Wie Geht's, Wesel Politiker müssen auch mal gelobt werden

Meinung | Wesel · Unser Land vor der spannenden Groko-Frage - und gerade deshalb jetzt: Ein Text gegen die Krakeeler, Nörgler und Schreihälse.

Die spannendste Frage des Wochenendes wird ausnahmsweise nicht auf dem Bundesligarasen entschieden, sondern von 443.152 Mitgliedern der SPD. Sie entscheiden über Deutschlands neue Regierung. Die Frage, ob man für oder gegen eine große Koalition ist, hat auch in den Städten unserer Region für Streit gesorgt. Ich lege mich fest: In der SPD wird die Mehrheit deutlich für die Groko sein - aus Verantwortung für das Land.

Die SPD ist für ihren Schlingerkurs der vergangenen Wochen viel kritisiert worden - auch in Wesel hat es kräftig gerumpelt. Die CDU wiederum musste sich vorwerfen lassen, nur eine moderierende, nicht aber eine gestaltende Rolle einzunehmen. Fakt aber ist: Die SPD lässt, gestützt durch einen Gerichtsentscheid, demokratisch innerparteilich über ihren Kurs abstimmen. Und die CDU hat ihren Machtwillen mehr als einmal bekundet. Sieht so Impotenz aus?

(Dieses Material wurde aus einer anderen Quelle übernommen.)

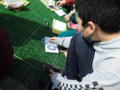 虫眼鏡で日光を集めて,明るさとあたたかさを調べました。
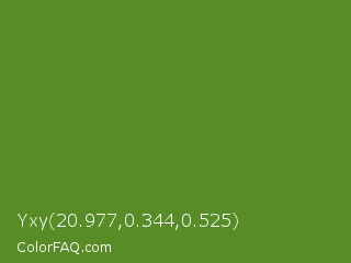 Yxy 20.977,0.344,0.525 Color is a normal green color and the nearest color is Maximum Green #5e8c31. Hex code #588c27 and RGB value is rgb(88,140,39). In RGB color space, this color is composed of 35% red, 55% green, 15% blue, In CMYK color space, this color is composed of 37% cyan, 0% magenta, 72% yellow , 45% black , In HSL color space, this color has a hue angle of 91° , 56% saturation and 35% lightness.
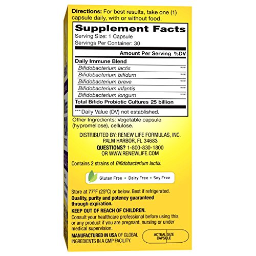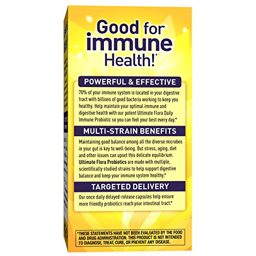 Ultimate Flora™ Daily Immune Probiotic contains 6 clinically studied strains of Bifidobacteria that provide powerful immune and digestive support in active adults and seniors. With 25 billion live cultures per capsule, it also supports respiratory health and enhances seasonal defenses by strengthening your body’s primary immune responses when you need it most. These statements have not been evaluated by the Food and Drug Administration. This product is not intended to diagnose, treat, cure, or prevent any disease.
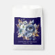 These pretty favour bags match the navy blue and gold wedding invitation suite.

Wer also Politikern aus ihrer Parteimitgliedschaft einen Strick zu drehen versucht, wer abwertend auf Politiker schaut, der muss einen konsequenten Schritt gehen: Selbst in die Politik gehen, zum Beispiel auf lokaler Ebene. Das ist meist kein Zuckerschlecken: 30 Tagesordnungspunkte hat die nächste Ratssitzung in Wesel, 29 die in Hamminkeln. Jedes Ratsmitglied tut gut daran, die für die Ratsarbeit aufgewendete Zeit nicht in Stundenlohn umzurechnen. Dann wäre so mancher leicht geneigt, diesen Job andere machen zu lassen. Auch das ist nämlich mal nötig: Unsere Politiker gehören verteidigt gegen die Krakeeler, gegen die Nörgler und Schreihälse. In den Kommunalparlamenten von Wesel, Hamminkeln, Hünxe und Schermbeck sitzen Ratsfrauen und Ratsmänner, die sich für die Entwicklung ihrer Heimat einsetzen. Sie treffen manch strittige Entscheidung, manchmal auch falsche. Aber bisher hat sich noch kein System gefunden, mit dem unser Land besser regiert wird, als die Parteiendemokratie, in der ständig neu die Balance zwischen den langfristigen Werteordnungen im Grundgesetz und den konkreten Zielen der Parteien gefunden werden muss.

Und wer sich jetzt entschieden hat, sich der Politik anzuschließen und selbst irgendwann als Ratspolitiker etwa in Wesel mal laut im Plenum seine Meinung zu sagen: Er wird hoffen müssen, dass der Weseler Rat dem Tagesordnungspunkt 12 mehrheitlich zustimmt: Da geht es nämlich um 90.000 Euro für eine neue Mikrofonanlage im Ratssaal. Auch das ist Kommunalpolitik.